Sociedade congregou os ex-escravos
Segundo Ramos, a sociedade foi o único centro oficial que congregou os ex-escravos, após a Lei Áurea, que precisavam buscar meios de sobrevivência. ''Para 99% dos libertos, a sociedade era um ponto de referência, onde se encontravam e recebiam ajuda social, para alguns até a morte. Tudo era mantido pelos negros que trabalhavam e contribuíam com a casa. Também recebia apoio dos militares e de alguns intelectuais. A sociedade guarda uma história rica e pouco valorizada'', pontua Ramos, contando que a região no entorno da casa, conhecida como Boulevard São Francisco, era habitada pelos negros. Ele só lamenta a escassez de documentos históricos da sociedade.
A partir de 1950, a Treze de Maio se abriu para novos sócios, não apenas negros e desde então, foram se perdendo as festividades religiosas e as tradições. Dessa nova fase é que Álvaro da Silva, presidente da sociedade, há dez anos, se recorda. ''Meu pai foi presidente da casa, fundada para os negros, mas que é aberta a todos. Aqui aconteceram assembléias e encontros de diversos segmentos da sociedade. Tínhamos também a famosa domingueira, com muita batucada e samba, que estamos resgatando agora com a juventude do Maracaeté, um fôlego novo e que se encaixa no perfil da sociedade'', diz Álvaro da Silva, de 60 anos, informando que hoje só há 40 sócios.

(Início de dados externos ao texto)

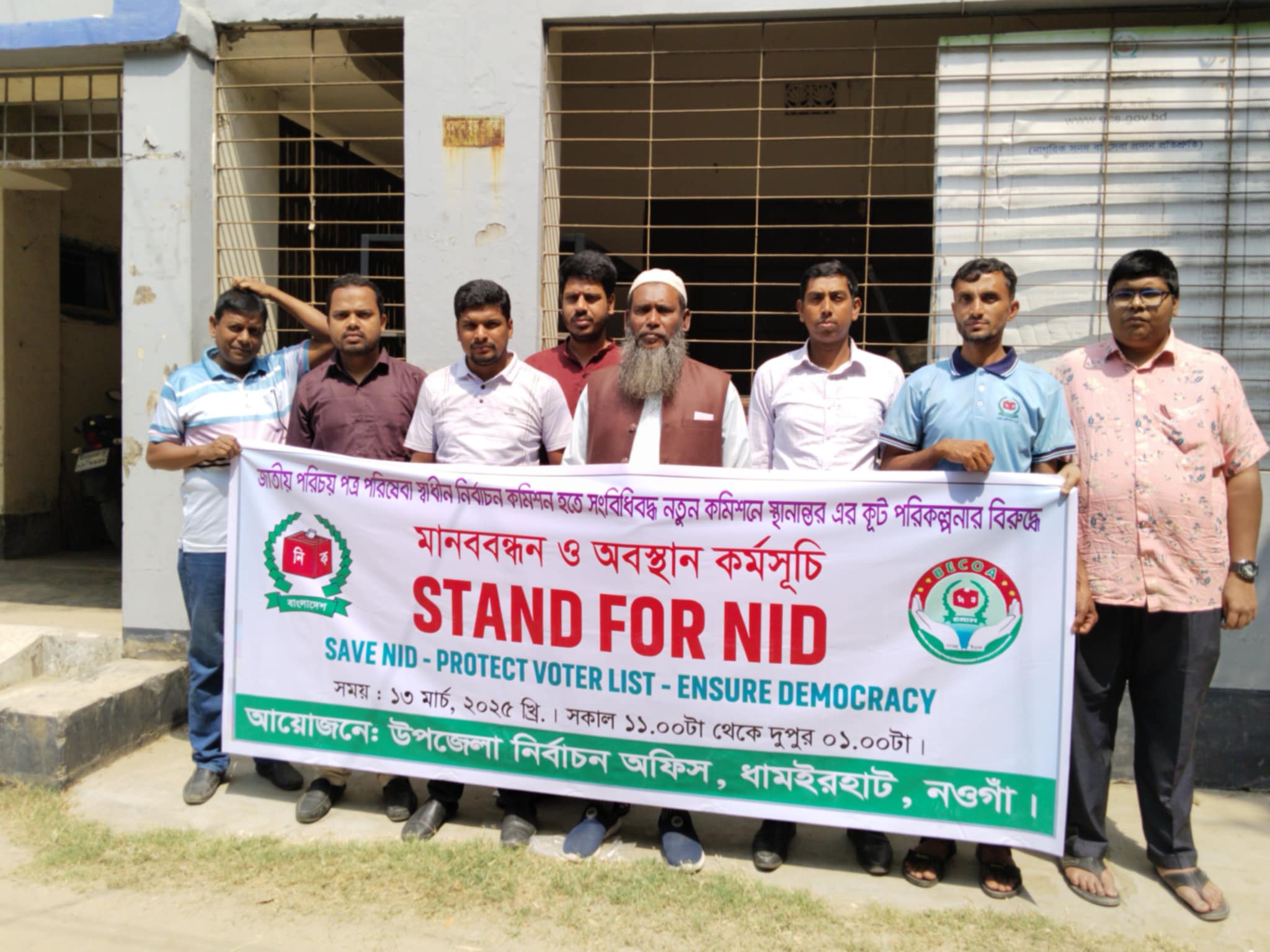 মাসুদ সরকার, ধামইরহাট (নওগাঁ) প্রতিনিধিঃ ধামইরহাট উপজেলা নির্বাচন অফিসের কর্মকর্তা কর্মচারীদের অংশগ্রহণে মানববন্ধন অনুষ্ঠিত হয়েছে। সারাদেশের ন্যায় ধামইরহাট উপজেলা নির্বাচন অফিসের আয়োজনে জাতীয় পরিচয় পত্র পরিষেবা স্বাধীন নির্বাচন কমিশন হতে সংবিধিবদ্ধ নতুন কমিশনে স্থানান্তরের কুট পরিকল্পনার বিরুদ্ধে মানববন্ধন ও অবস্থান কর্মসূচি (STAND FOR NID)  অনুষ্ঠিত হয়েছে।
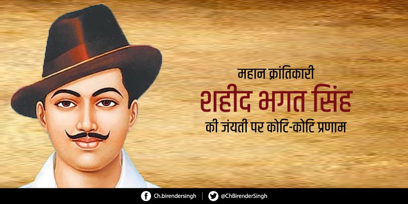 मातृभूमि की स्वाधीनता के लिए अपना सर्वस्व सर्पण कर करोड़ो देशवासियो के हृदय मे आजादी की अलख जगाने वाले महान क्रांतिकारी शहीद ए आजम भगत सिंह जी की जयंती पर उन्हे शत् शत् नमन।।

Depois de 1950, a sociedade só foi reformada novamente, em 1996, pelo município. De acordo com Ricardo Bindo, assessor de planejamneto do Instituto de Pesquisa e Planejamento Urbano de Curitiba (Ippuc), a Treze de Maio foi revitalizada com recursos da venda de potencial construtivo, apesar de não ser considerada uma unidade de interesse de preservação (UIP). ''O edifício em si não tem um valor arquitetônico, mas a sociedade sim tem valor histórico e cultural, por isso, ela ganhou uma reforma geral como uma unidade de interesse especial de preservação, pensando em manter a organização e garantir as atividades da casa como os bailes populares e festas'', informa Bindo.